Le due strategie sono articolate in obiettivi specifici (es. sicurezza dell’approvvigionamento; pratiche sostenibili nei settori della trasformazione alimentare, del commercio all’ingrosso e al dettaglio; agevolare il passaggio a regimi alimentari sani e sostenibili; riportare la natura nei terreni agricoli; soluzioni a somma positiva per la produzione di energia, ecc.), per ciascuno dei quali vengono forniti alcuni dati e dei target misurabili.
Gli obiettivi e i target, riferiti al 2030, sono molti, diversificati, al momento non cogenti. Ad esempio: −50% impiego fitofarmaci, −20% utilizzo fertilizzanti, −50% antibiotici negli allevamenti, 25% terreni dedicati ad agricoltura biologica, 10% delle superfici messe a riposo, ecc.
Entrambe le strategie prevedono un piano d’azione per rendere concreto il perseguimento degli obiettivi, che comprende l’adozione di proposte legislative da parte della Commissione europea, l’integrazione dei target proposti nei documenti legislativi già oggetto di discussione da parte del Parlamento e del Consiglio della UE, la creazione di un sistema di monitoraggio e valutazione dei progressi verso i target, un maggiore coordinamento tra le autorità europee, al loro interno e con quelle nazionali, rispetto ad alcuni temi (per es. le frodi alimentari).

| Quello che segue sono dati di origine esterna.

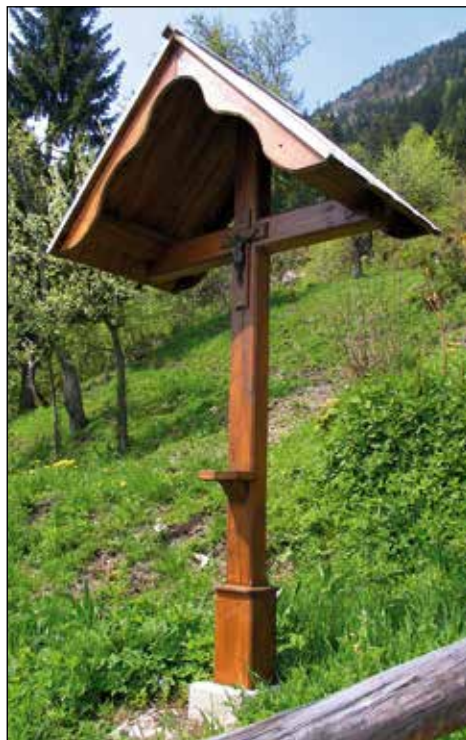
Križ pod Nežno hišo blizu stare cerkve.

nije, potem pa smo šli v procesiji z lučkami čez Hrib h križu in ga blagoslovili. Dneve dražgoške tragedije je preživel, potem pa je zaradi slabše kvalitete lesa in nevdzdrževanja kmalu strohnel.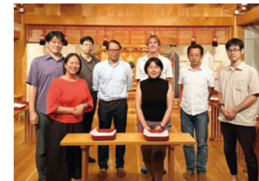
Fig. 5 Visit Prof. Datu from Arizona State University.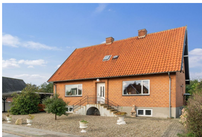
Set fra vejen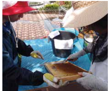
▲みつばちPROJECTではちみつしぼり

I documenti della Commissione hanno suscitato reazioni molto differenti: i target proposti sono stati valutati come ambiziosi, eccessivi, o troppo timidi.
L’esame delle strategie evidenzia alcuni nodi cruciali per la loro efficace attuazione. Il primo riguarda il coinvolgimento dei soggetti interessati, a partire dalle comunità agricole, che a loro volta fanno parte delle comunità delle aree rurali. La Commissione afferma che è importante lavorare di concerto con tali comunità per incentivare la transizione verso un nuovo modello di sviluppo, ma, almeno fino a oggi, il loro coinvolgimento non appare particolarmente significativo. Emergono poi interrogativi, in particolare riguardo all’impatto sui costi di produzione e alla coerenza tra i tempi per l’adeguamento e la disponibilità degli strumenti e le risorse per attuarlo. Infine, è necessario trovare un punto di equilibrio tra l’obiettivo di favorire la transizione, compresa quella degli interlocutori che finora l’hanno osteggiata o ritardata per trarne vantaggio competitivo, e il rischio di sfavorire proprio chi tale transizione l’ha già in tutto o in parte compiuta.
Un secondo nodo concerne la coerenza di queste nuove strategie con la Politica agricola comune 2021-2027 già in discussione (cfr. A. Simonato, «La Politica agricola comune per la programmazione 2021-2027», in Aggiornamenti Sociali, 3 [2020] 254-256), per non rischiare di disallineare strumenti, risorse e obiettivi e rendere più faticosi tutti i processi. Un terzo nodo riguarda infine la concorrenza tra Stati membri, a partire dalle specificità e differenziazioni che ne caratterizzano il settore primario e i prodotti agroalimentari. Tale elemento emerge, ad esempio, nelle regole da adottare in tema di etichettatura, per fornire ai consumatori le informazioni per compiere le proprie scelte alimentari. Esistono indicazioni nutrizionali che categorizzano i singoli alimenti come “buoni” o “cattivi” per la salute tramite un indicatore sintetico come un colore, e altre che invece consentono di comprendere il contributo reale dell’alimento a una dieta complessivamente equilibrata. Il primo sistema, sostenuto da vari Stati, viene contestato da altri perché conduce, ad esempio, a indicare come “cattivi” prodotti DOP e alimenti tradizionali della dieta mediterranea.
La ricerca del punto di equilibrio tra le componenti della sostenibilità (ambientale, sociale ed economica) passa necessariamente per un serrato confronto tra i differenti interessi e visioni in gioco, che informi e coinvolga cittadini, formazioni sociali e istituzioni a tutti i livelli.